Then from age 13 on I was allowed to work at home, where I would usually
either skip my homework or use the answer booklet to do it quickly. On a given
day, I would spend at most four hours on 'school' and then do whatever I
wanted. At first I probably abused this freedom, which led to boredom. So very
soon, I started reading every book I could get my hand on, learned some
programming and spend most of my early afternoons to evenings playing with
kids in the neighbourhood.

Then at the age of sixteen I returned to 'normal' life and had massive
difficulties adjusting to the regular school system, but I made it through and
went on the university.

Experiences such as yours solidify my view that the school system we all grow
up with is flawed. It teaches us that learning isn't fun, and makes us do
silly things and jump through pointless hoops.
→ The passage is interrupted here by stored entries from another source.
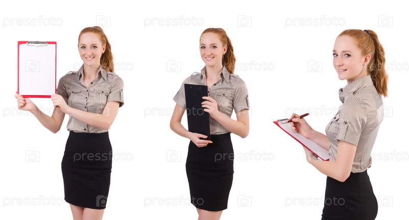 Привлекательная деловая женщина с связующим материалом, изолированным на белом
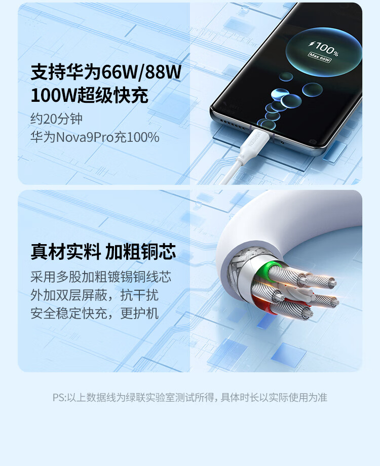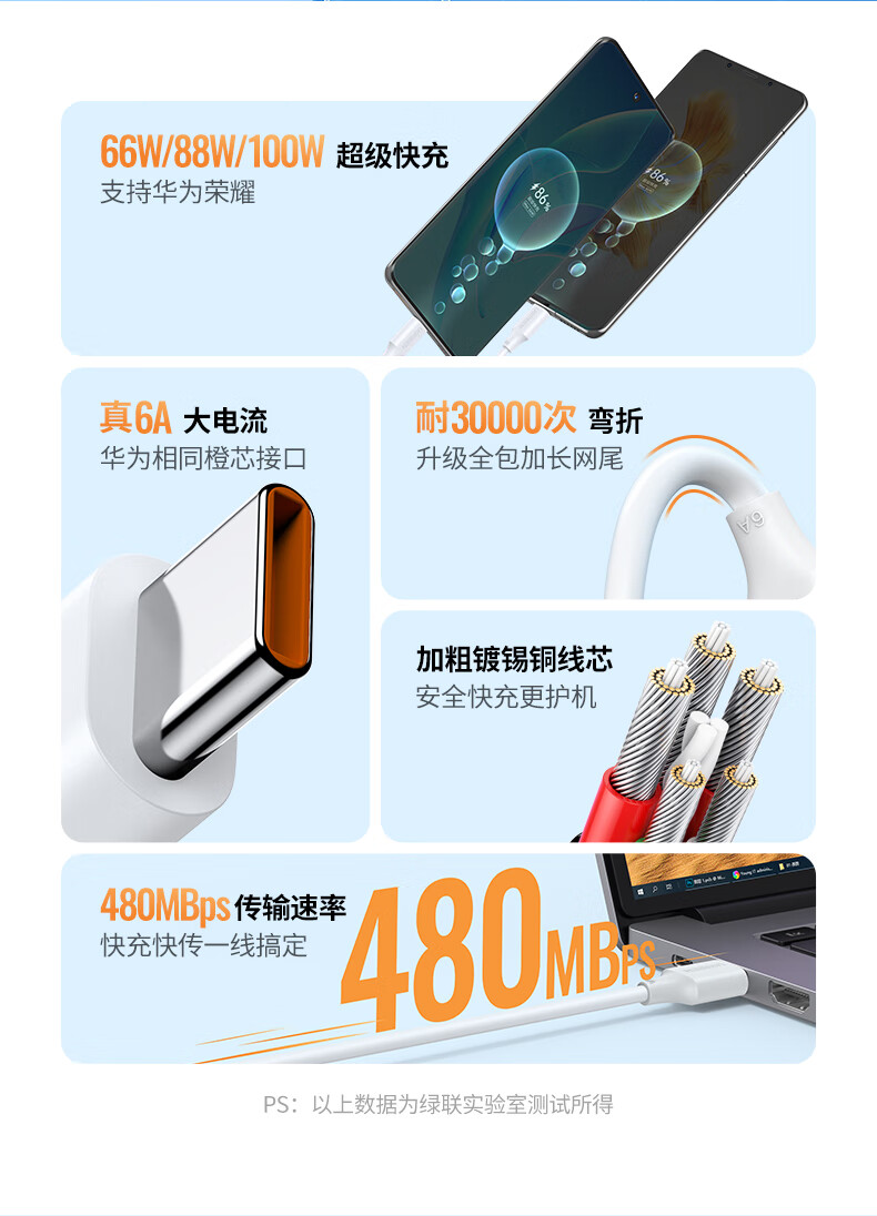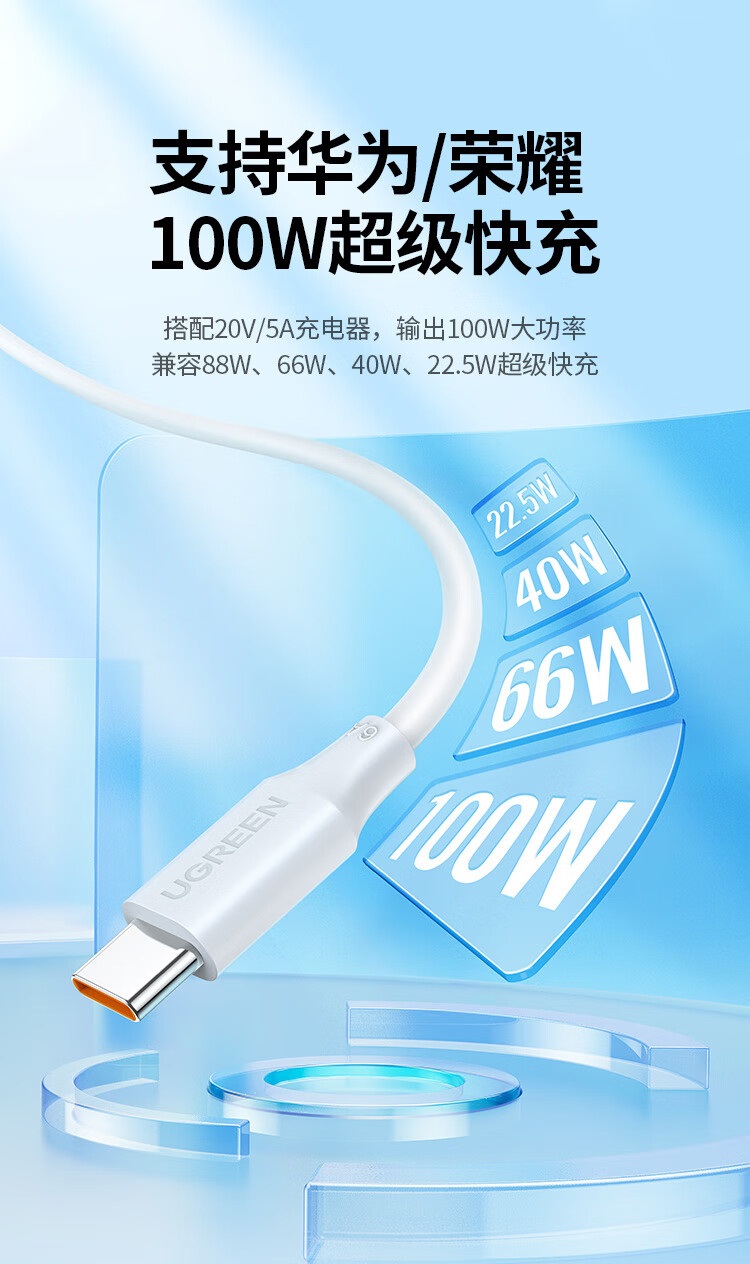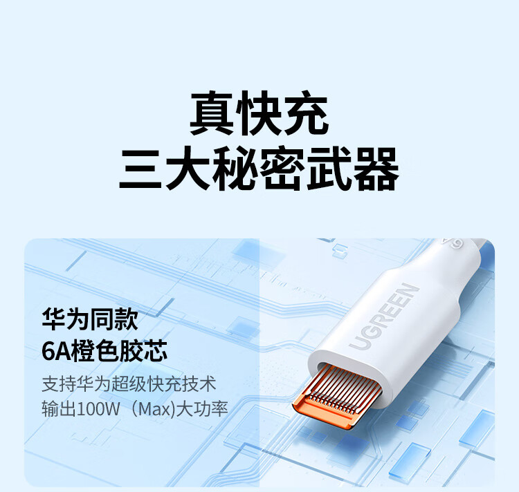 “UGREEN/綠聯(lián)”40204 充電線 單條裝(白色Type-C數(shù)據(jù)線6A適用華為超級快充100W/66W/Pura70/X/Mate70/60Pro+/X6榮耀小米安卓手機1.5米)
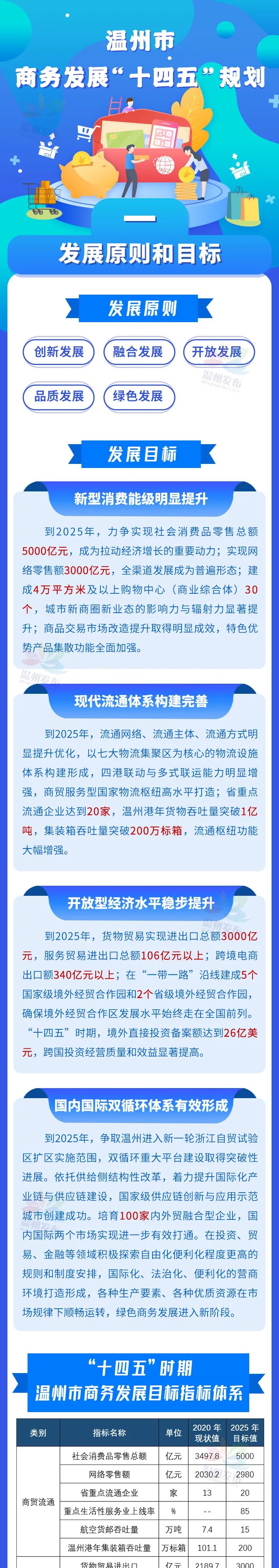 日前,我市发布《温州市商务发展“十四五”规划》,为“十四五”期间的商务工作描绘了发展蓝图。根据《规划》,温州将高水平建设区域消费中心城市、打造开放型经济发展标杆、建设国际会展城市、推进数字商务全面创新、建设现代流通体系、构建一流商务营商环境。
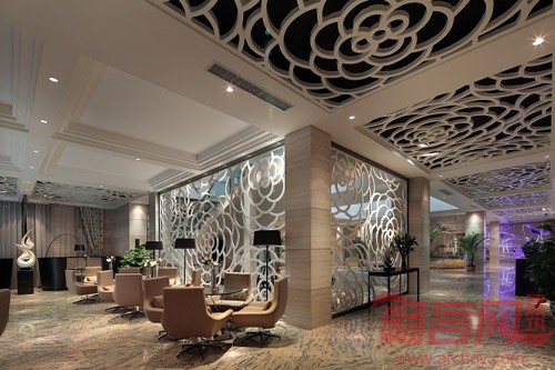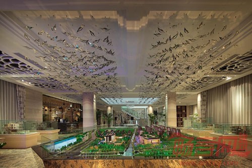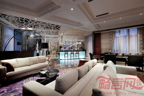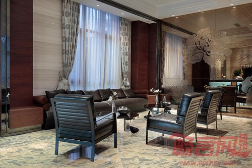 院墅顶部整体采用缓坡坡屋顶大挑檐设计,彰显浓重汉唐风韵,与纵向立面现代、简洁的质感和谐相依。以及30%大面积的石材运用与红褐色面砖相间的建筑立面共同勾勒出富于变幻的建筑肌理,突显尊贵质感的同时更添厚重的文化底蕴。在会所空间部分,设计师在天花、窗棂的设计中融入中国国花“牡丹花”的概念元素,并籍以用现代手法加以表达,营造了极具中国人文气质和意境的新古典空间。
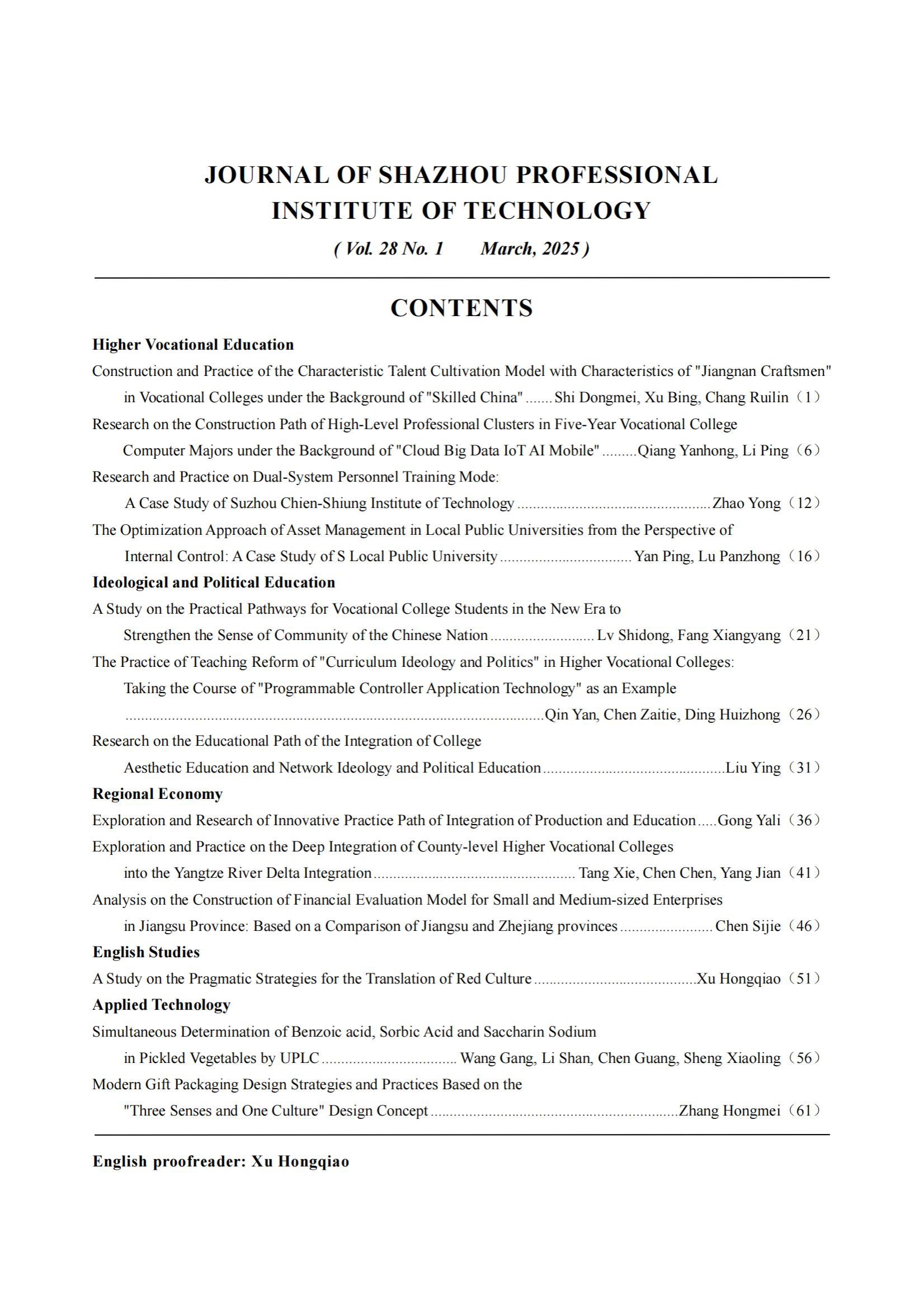 《沙洲职业工学院学报》2025年第28卷1期目次
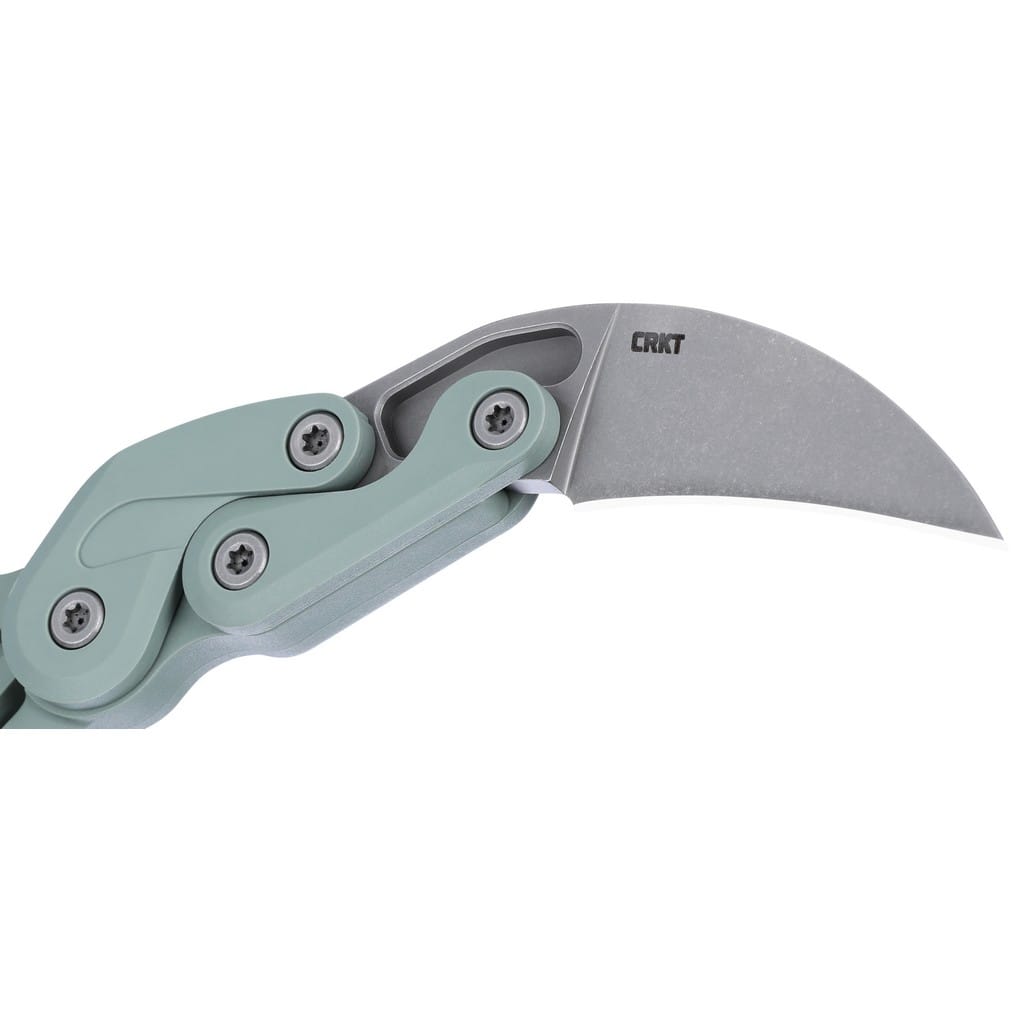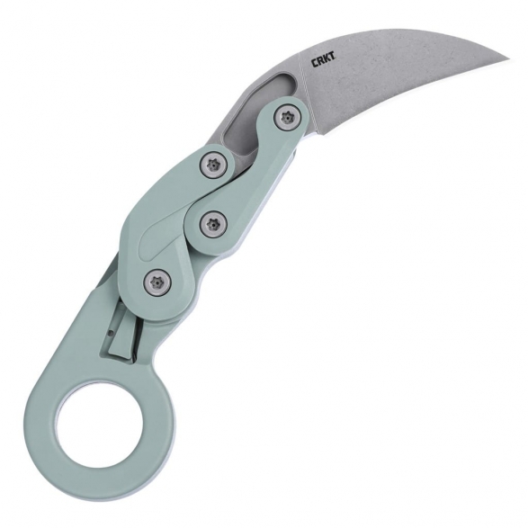 Provoke amerykańskiej firmy CRKT to model nawiązujący do starożytnego designu karambita, skrywający futurystyczny sekret. Jest to pierwszy w historii nóż wyposażony w technologię Kinematic. Pozwala na szybkie wysunięcie ostrza przy pomocy kciuka. Nacisk na górną poprzeczkę konstrukcji wypycha głownię do przodu i blokuje ją, zaś w celu złożenia foldera wystarczy przesunąć dyskretną dźwignię. Zaprojektowany przez Joe Caswella mechanizm przenosi nas w przyszłość i stanowi jeden z najbardziej innowacyjnych pomysłów w tej branży. Klinga o zakrzywionym do dołu drapieżnym profilu Hawkbill została wykonana z japońskiej stali nierdzewnej AUS-8 odpornej na korozję, twardej i długo trzymającej ostrość. Wykończenie jej metodą Stonewash pozostawia nieregularną powłokę świetnie maskującą rysy i zadrapania powstające podczas eksploatacji. Charakterystyczny kształt ostrza idealnie sprawdzi się do głębokiego cięcia i dziurkowania. Rękojeść zrobiono z termoplastycznego, lekkiego i trwałego materiału Grivory w kolorze szałwii. Zakończenie w postaci okrągłej głowicy na palec przedłuża chwyt i umożliwia pełną kontrolę nad nożem podczas pracy. Dodatkowo na uwagę zasługuje klips mocujący ukształtowany niemalże w jednej linii z rękojeścią. Takie rozwiązanie zwiększa komfort użytkowania, dając możliwość korzystania z klipsa jedynie wtedy, gdy zachodzi taka potrzeba.
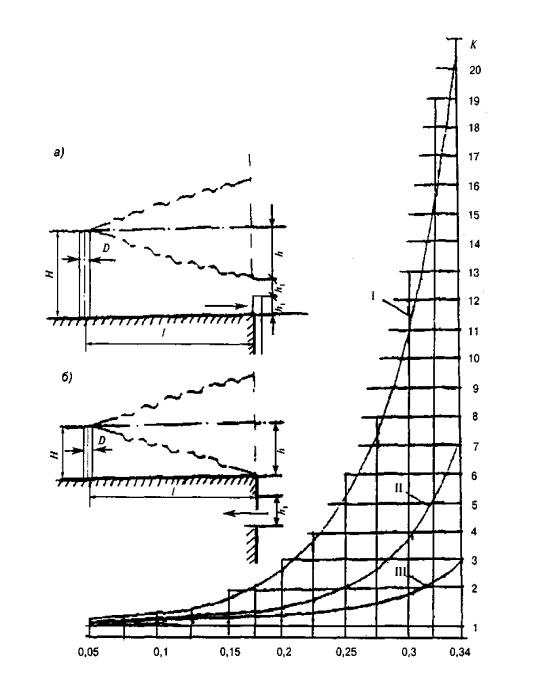 устройством (высота трубы источника Н= 2h1+h); б- то же,
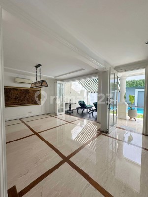 jalan depan rumah 2 mobil lebar, ada kolam renang, full furnished, sangat dekat dengan Mall PIM 1, 2, 3, lingkungan tenang tidak ramai asri.
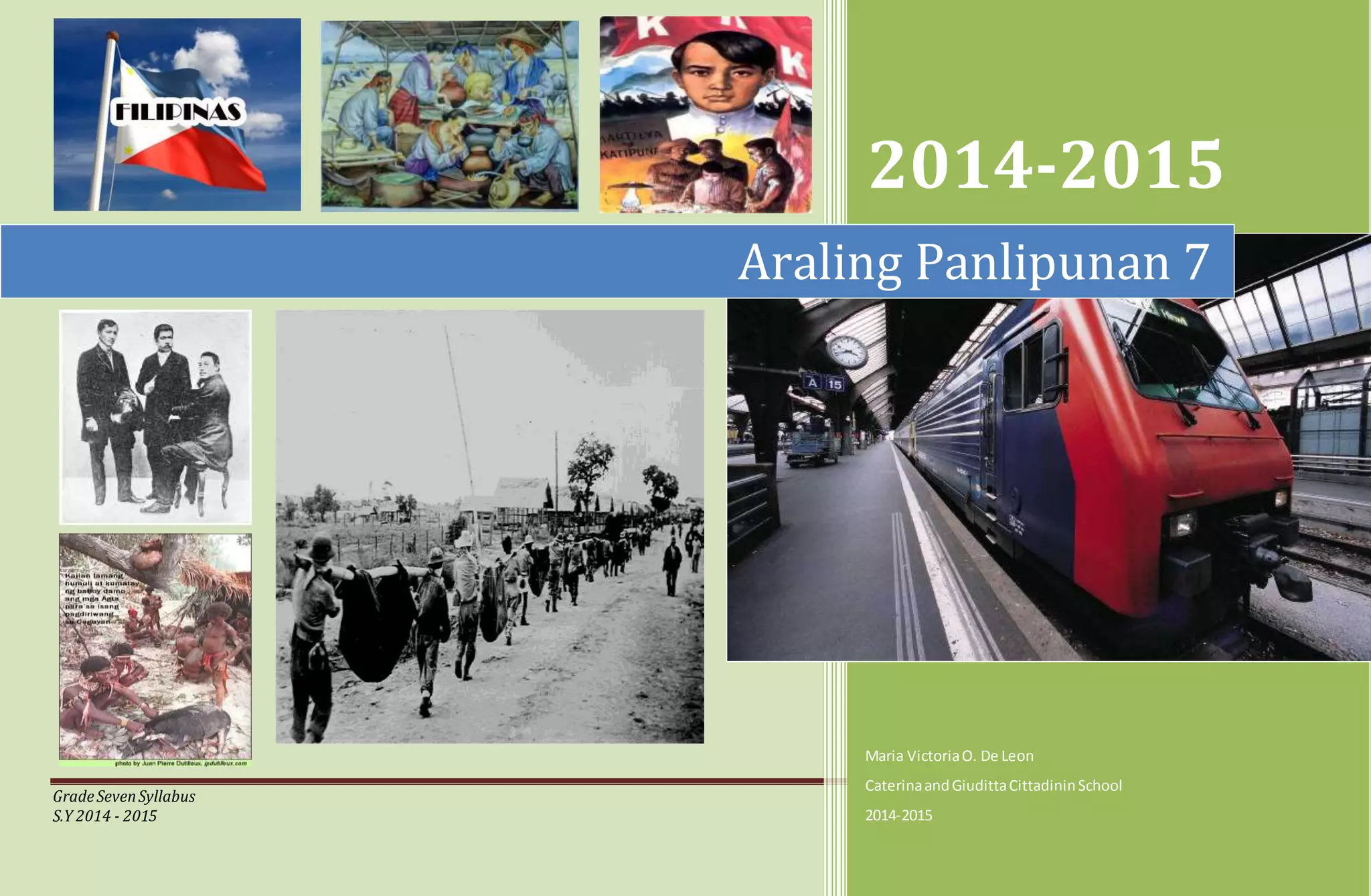 Ang dokumento ay isang syllabus para sa Araling Panlipunan ng ikapitong baitang para sa taong 2014-2015. Nakapaloob dito ang iba't ibang araling tumatalakay sa kasaysayan, kultura, at kabihasnang Pilipino, kasama ang mga layunin, mahahalagang katanungan, at mga gawain na dapat isagawa ng mga mag-aaral. Ang syllabus ay naglalayong linangin ang kaalaman ng mga estudyante sa mga pangunahing konsepto ng kasaysayan at kanilang kaugnayan sa kasalukuyan.
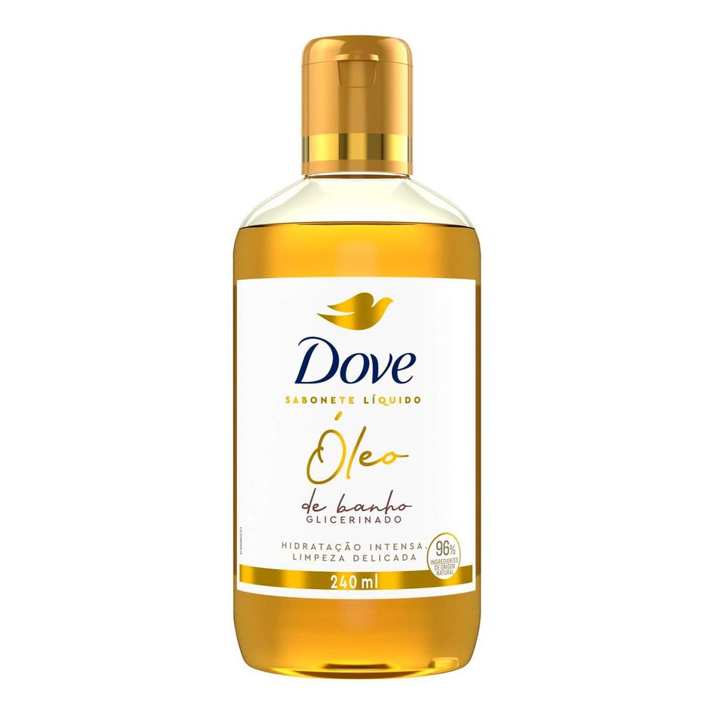 Desfrute de uma nova experiência no banho que regenera a hidratação natural da sua pele. Sinta a diferença do novo Dove Óleo de Banho e a evolução do cuidado na sua rotina de banho diária. O segredo para uma pele bonita é a hidratação diária e, com o novo Dove Óleo de Banho, sua pele ficará visivelmente macia e radiante. Este Sabonete Líquido Óleo de Banho glicerinado possui uma formulação que conta com 96% dos ingredientes de origem natural, que renovam e nutrem a sua pele, oferecendo hidratação intensa e limpeza delicada. Sua fórmula nutre e hidrata a pele enquanto limpa, deixando-a com uma sensação macia e bem cuidada. O Dove óleo de banho glicerinado possui uma textura líquida e faz espuma cremosa durante o banho, além de oferecer uma fragrância gostosa e duradoura na pele, promovendo um banho envolvente e relaxante. Dove Óleo de Banho é de fácil enxágue, garantindo hidratação para a sua pele sem deixar uma sensação oleosa ou vestígios de produto na pele ou no chão do seu banheiro. Para uma melhor experiência no banho, sugerimos o seguinte modo de uso: aplique uma pequena quantidade na mão ou em uma esponja e espalhe suavemente pelo corpo, até formar espuma. Em seguida, massageie a espuma pelo seu corpo e, por último, enxágue com água morna. Uso externo. Dove Óleo de Banho pode ser usado diariamente no corpo e mãos. Eleve a sua experiência de banho com o novo Dove Óleo de Banho! Dove é certificada Cruelty-Free pela PETA, sendo assim, não realizamos e nem realizaremos testes em animais em nenhum lugar do mundo.
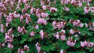 ピンクがかった薄紫の花を次々と咲かせる。開花期 4-5月 冬季 落葉 日当たり 日向 耐寒性 強 水やり 普通 施肥 春・秋に油粕肥料、生育時に有機液肥を2週間に1回程度 用土 山野草の土/基本培養土
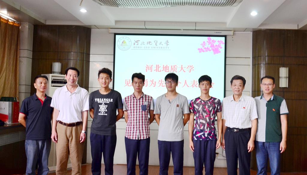 9月14日下午,在主楼四楼会议室召开河北地质大学见义勇为先进个人表彰会。校党委书记李军、党委副书记刘耀辉出席表彰会。党委书记李军向韩敬萱等四名同学颁发“见义勇为先进个人”、“见义勇为好青年”荣誉证书,并为他们献上鲜花。

To be fair, school has to deal with all sorts of kids. If others had been
given my freedom they might not have gravitated towards learning, and failed
horribly upon returning to regular life. But I'm sure there are many like me,
and I hate the thought that they had to put up with the kind of stuff you
describe.

------
untitledwiz
Please, go outside, play and run around. Learn to skate, get a
boyfriend/girlfriend. There will be so much opportunity for work later on in
life. Definitely spend time coding if that's what you love but don't make it
your everything. Develop other aspects of your personality/intelligence/body
equally. Best wishes!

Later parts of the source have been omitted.